The proceeds from the Non-Brokered Hard Dollar Offering will be used for general corporate purposes, including fees and expenses of the transactions noted above.

The transactions described herein are subject to the final acceptance of the Toronto Stock Exchange ("TSX").

About Carlisle: Carlisle Goldfields Limited is a Canadian‐based gold exploration and development company, focused on development of its mining leases and claims in the Lynn Lake Greenstone Belt of Northern Manitoba, covering approximately 20,000 hectares which include the former MacLellan Gold mine and two other former producing gold mines as well as numerous other historically identified Gold Zones all within close proximity of the town of Lynn Lake.

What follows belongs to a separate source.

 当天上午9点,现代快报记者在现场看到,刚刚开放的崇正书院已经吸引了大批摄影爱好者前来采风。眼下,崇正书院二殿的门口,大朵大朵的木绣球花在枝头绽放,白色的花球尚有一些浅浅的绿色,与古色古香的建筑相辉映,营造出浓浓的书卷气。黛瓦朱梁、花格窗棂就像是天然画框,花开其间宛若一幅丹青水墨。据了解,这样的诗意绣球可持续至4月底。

In March 2012 (see News Release dated March 13, 2012), Carlisle announced an updated Resource Estimate on the MacLellan Gold Project in Lynn Lake, Manitoba. This included Open Pit and Underground Resources in the Measured and Indicated Categories having increased to 32.4 million tonnes containing 2,018,100 ounces of AuEq at an average grade of 1.94 g/t AuEq (1.86 g/t Au and 4.4g/t Ag). The pit‐ contained Measured and Indicated categories of 29.9 million tonnes contain 1.7 million ounces of AuEq at an average grade of 1.8g/t AuEq (1.68 g/t Au and 4.4g/t Ag). The current Measured and Indicated Categories represent 94% of the total resource estimate.

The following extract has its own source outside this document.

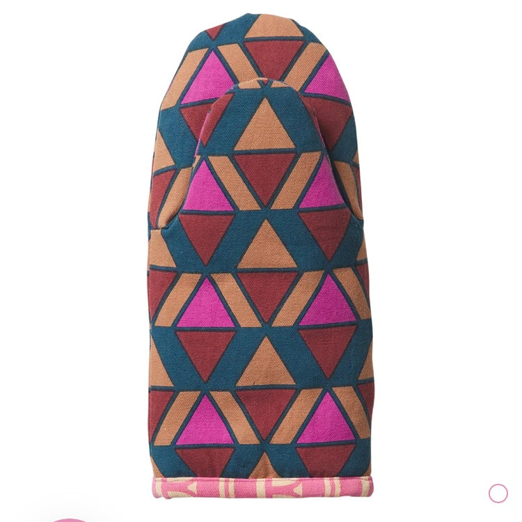 “A stylish geometric print brings retro charm to mealtime preparations. This practical kitchen accessory keeps your hands safe while you bake, allowing you to focus on the wonderful act of creation.” – Phoebe’s Style Notes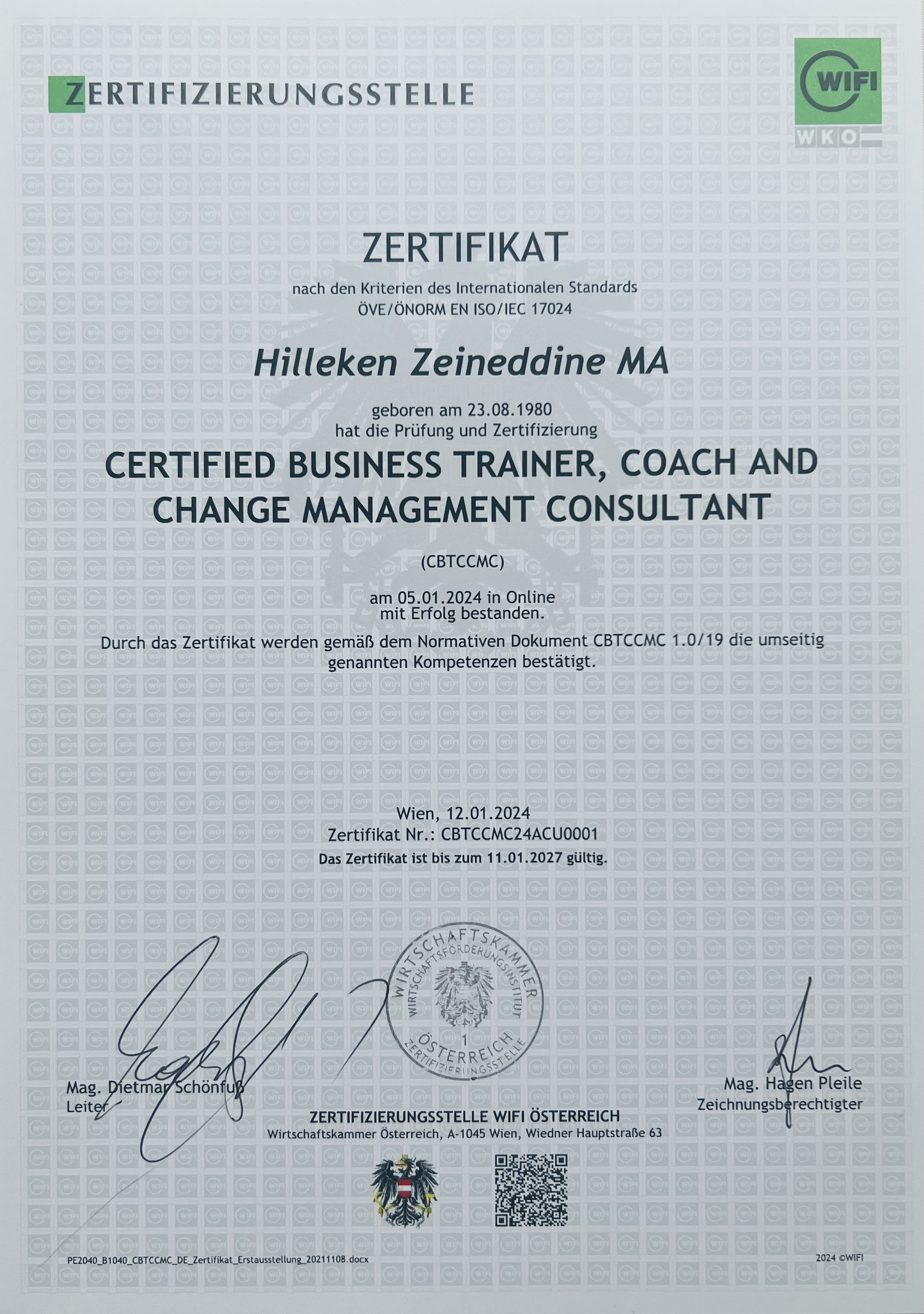 2024 Zertifizierung zum Certified Business Trainer, Coach and Change Management Consultant nach ÖVE/ÖNORM EN ISO/IEC 17024, WIFI

This press release shall not constitute an offer to sell or solicitation of an offer to buy the securities in any jurisdiction. The Flow-Through Shares, Shares, Warrants and common shares issuable upon exercise of the Warrants will not be and have not been registered under the United States Securities Act of 1933 and may not be offered or sold in the United States absent an applicable exemption from the registration requirements.

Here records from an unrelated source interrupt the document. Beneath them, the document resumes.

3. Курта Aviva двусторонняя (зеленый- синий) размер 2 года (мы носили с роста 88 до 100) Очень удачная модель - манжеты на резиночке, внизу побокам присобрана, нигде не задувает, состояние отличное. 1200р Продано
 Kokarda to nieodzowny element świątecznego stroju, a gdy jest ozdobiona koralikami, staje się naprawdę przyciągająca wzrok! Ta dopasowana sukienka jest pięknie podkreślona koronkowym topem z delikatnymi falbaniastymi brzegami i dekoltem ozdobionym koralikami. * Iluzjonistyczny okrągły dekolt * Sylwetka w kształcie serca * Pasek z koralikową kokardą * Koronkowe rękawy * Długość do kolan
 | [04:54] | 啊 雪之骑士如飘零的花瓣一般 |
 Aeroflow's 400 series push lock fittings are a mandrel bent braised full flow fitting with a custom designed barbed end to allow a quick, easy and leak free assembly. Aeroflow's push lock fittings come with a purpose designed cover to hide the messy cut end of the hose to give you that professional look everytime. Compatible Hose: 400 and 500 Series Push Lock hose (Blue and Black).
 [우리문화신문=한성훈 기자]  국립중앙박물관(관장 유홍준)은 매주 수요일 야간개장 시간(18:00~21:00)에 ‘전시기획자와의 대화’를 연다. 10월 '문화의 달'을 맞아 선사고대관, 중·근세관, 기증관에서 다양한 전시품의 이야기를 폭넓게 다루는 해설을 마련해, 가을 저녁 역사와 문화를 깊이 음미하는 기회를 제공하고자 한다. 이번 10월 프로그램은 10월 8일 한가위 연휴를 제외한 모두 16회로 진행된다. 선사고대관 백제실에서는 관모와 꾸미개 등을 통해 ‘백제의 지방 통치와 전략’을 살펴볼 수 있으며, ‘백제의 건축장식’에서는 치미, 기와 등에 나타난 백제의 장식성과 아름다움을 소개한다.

Except for statements of historical fact contained herein, the information in this press release may constitute "forward-looking information" within the meaning of Canadian securities law. Other than statements of historical fact, all statements are "Forward-Looking Statements", including statements pertaining to receipt of the final acceptance of the TSX, that involve various known and unknown risks and uncertainties and other factors, such as market conditions. There can be no assurance that such statements will prove accurate. Results and future events could differ materially from those anticipated in such statements. Readers of this press release are cautioned not to place undue reliance on these "Forward-Looking Statements". Except as otherwise required by applicable securities statutes or regulation, Carlisle expressly disclaims any intent or obligation to update publicly forward-looking information, whether as a result of new information, future events or otherwise.

Neither IIROC nor the TSX accepts responsibility for the adequacy or accuracy of this release.